**What is required**: What you write should match, word for word, the lines from the one containing "lego Samurai with" through the end of the data, with no pictures.

**Supplied information**:
============================================================

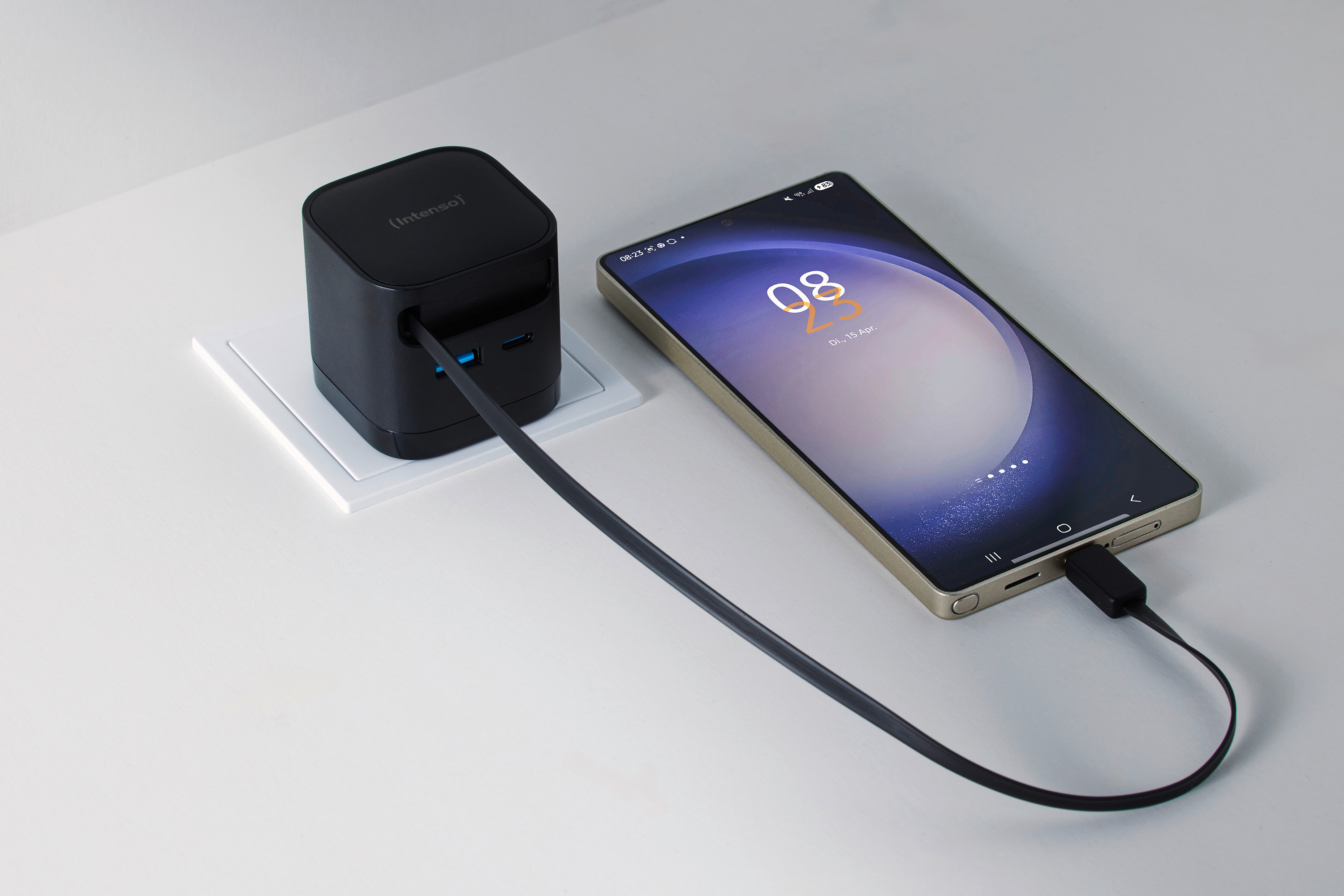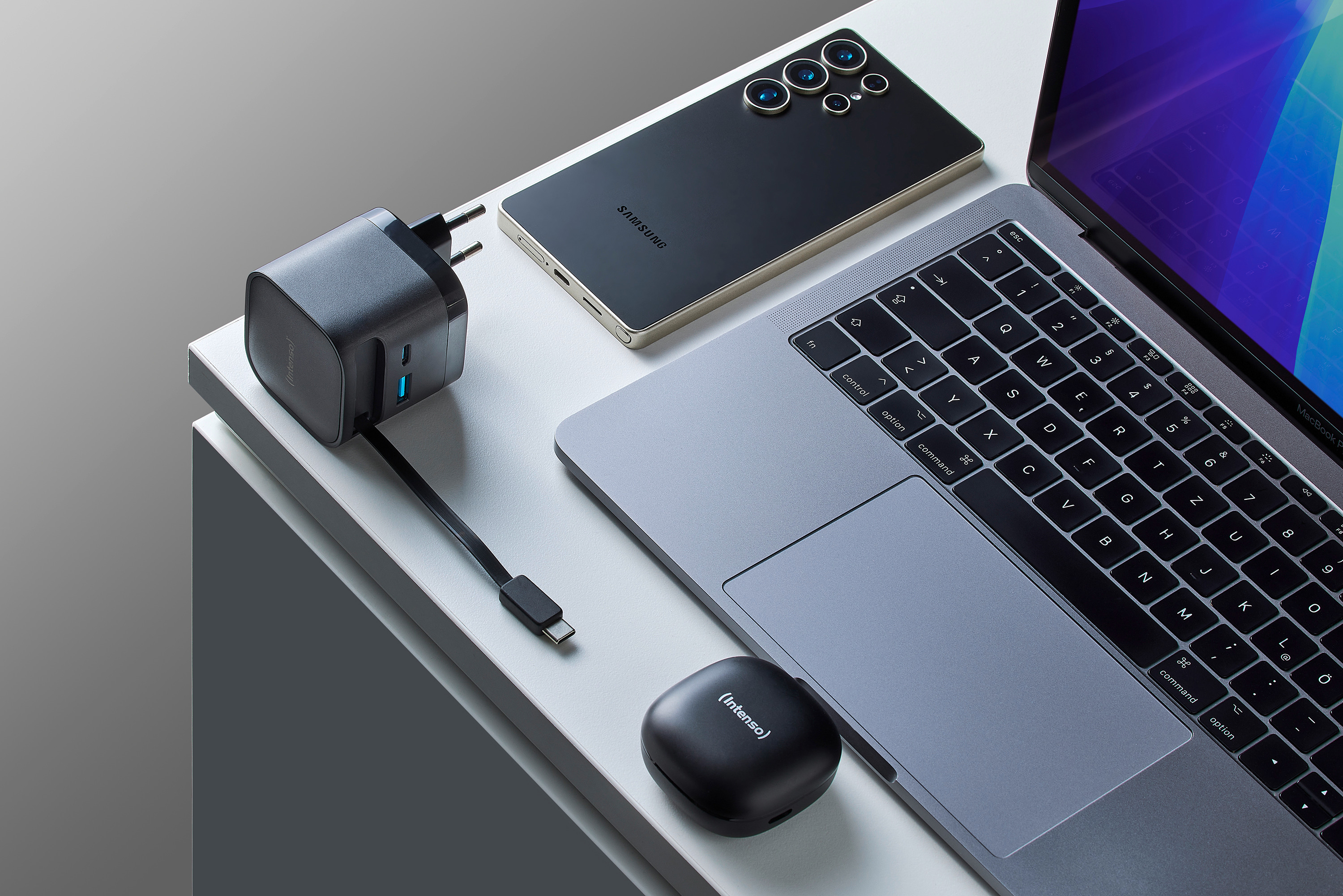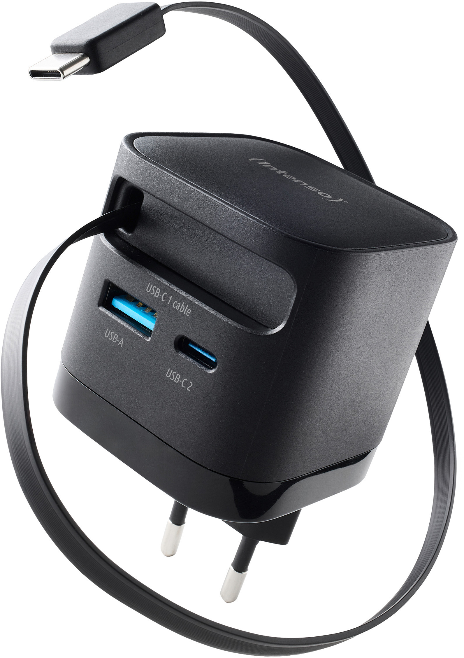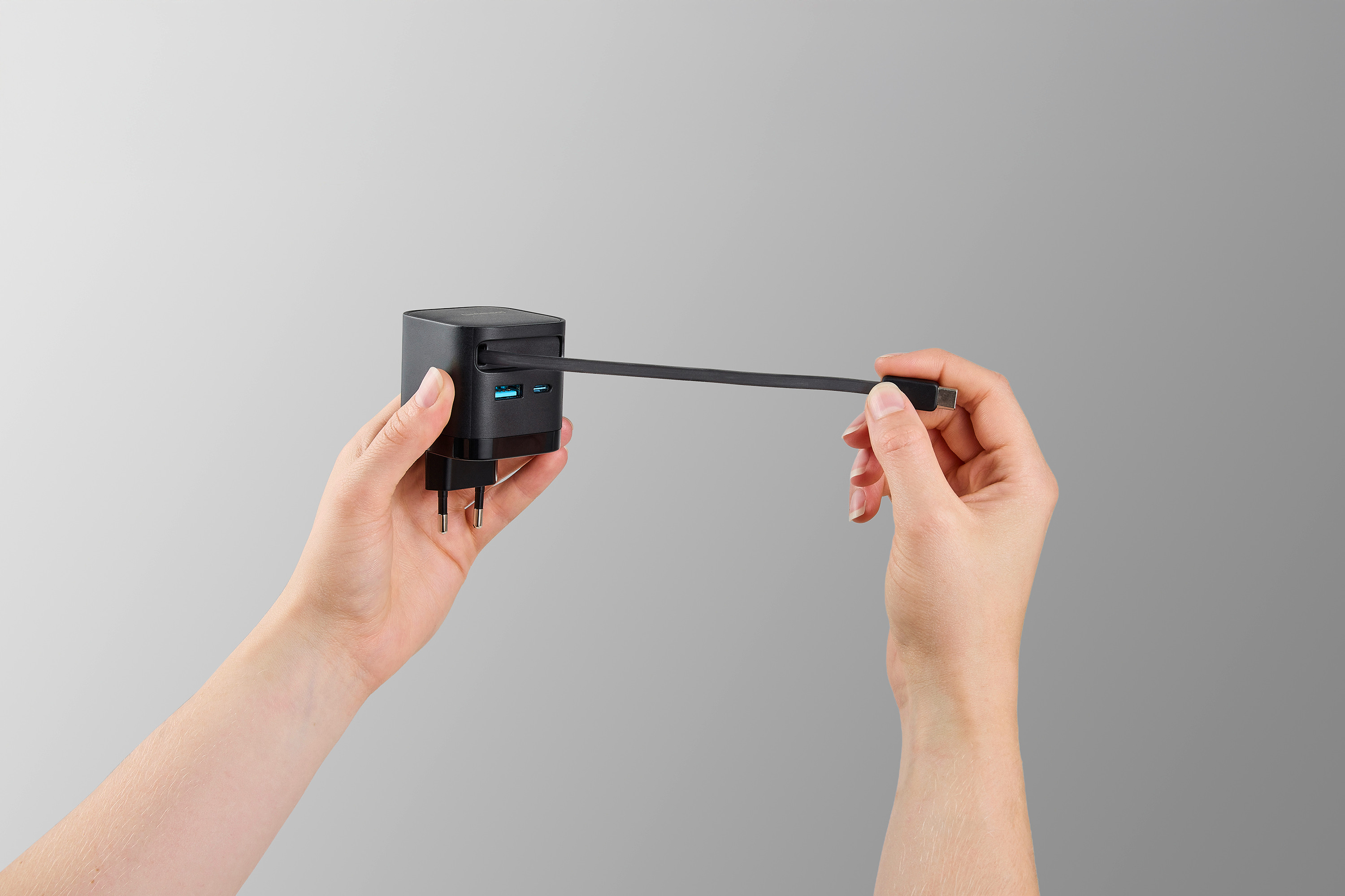Der Intenso Power Adapter W65ACIC GaN ist ein leistungsstarkes und kompaktes Schnellladegerät für den täglichen Einsatz. Mit bis zu 65 W Ausgangsleistung lädt er Smartphones, Tablets und Notebooks zuverlässig und besonders schnell. Dank Unterstützung von Power Delivery 3.0, PPS und Quick Charge 4.0 werden moderne Geräte optimal versorgt. Das integrierte, ausziehbare 70 cm USB-C-Kabel sowie zusätzliche USB-C- und USB-A-Anschlüsse ermöglichen das gleichzeitige Laden mehrerer Geräte mit hoher Effizienz. Die moderne GaN-Technologie sorgt für eine verbesserte Energieeffizienz bei gleichzeitig geringer Wärmeentwicklung. Dadurch bleibt das Ladegerät besonders kompakt und leicht, ohne an Leistung einzubüssen. Mit einer Effizienz von über 78 % und einem Standby-Verbrauch von unter 0,3 W überzeugt der Adapter auch in puncto Nachhaltigkeit. Das robuste Gehäuse, das platzsparende Format und das geringe Gewicht machen ihn zum idealen Begleiter für Zuhause, Büro oder unterwegs. Erhältlich in Schwarz oder Weiss und passend für jede EU-Steckdose.
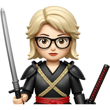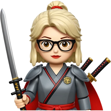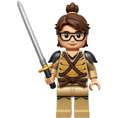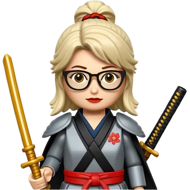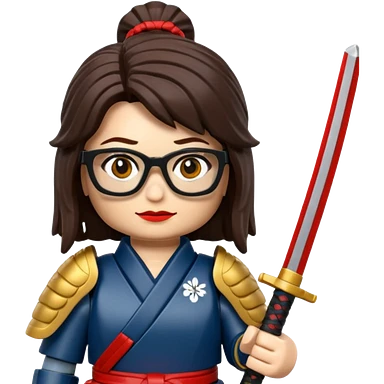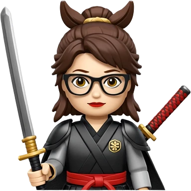 lego Samurai with glasses, Warrior in samurai armor, female, with katana emoji
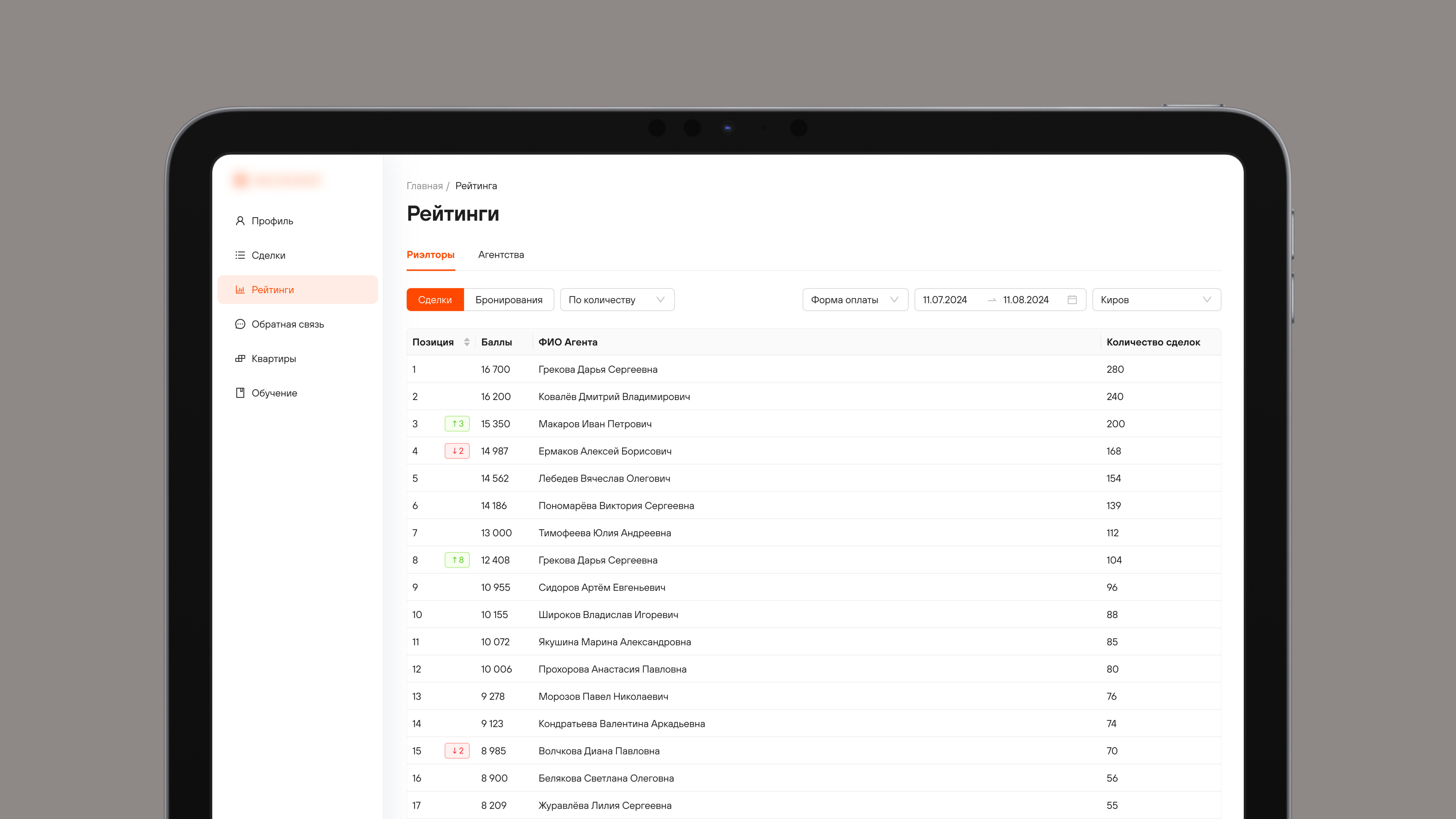 Риэлтор может посмотреть рейтинг за разные периоды времени. Система выдаёт список с позициями и количеством баллов, показывает динамику прироста или падения по сравнению с предыдущим таким же периодом.

============================================================

**Solution below**:
 lego Samurai with glasses, Warrior in samurai armor, female, with katana emoji
 Риэлтор может посмотреть рейтинг за разные периоды времени. Система выдаёт список с позициями и количеством баллов, показывает динамику прироста или падения по сравнению с предыдущим таким же периодом.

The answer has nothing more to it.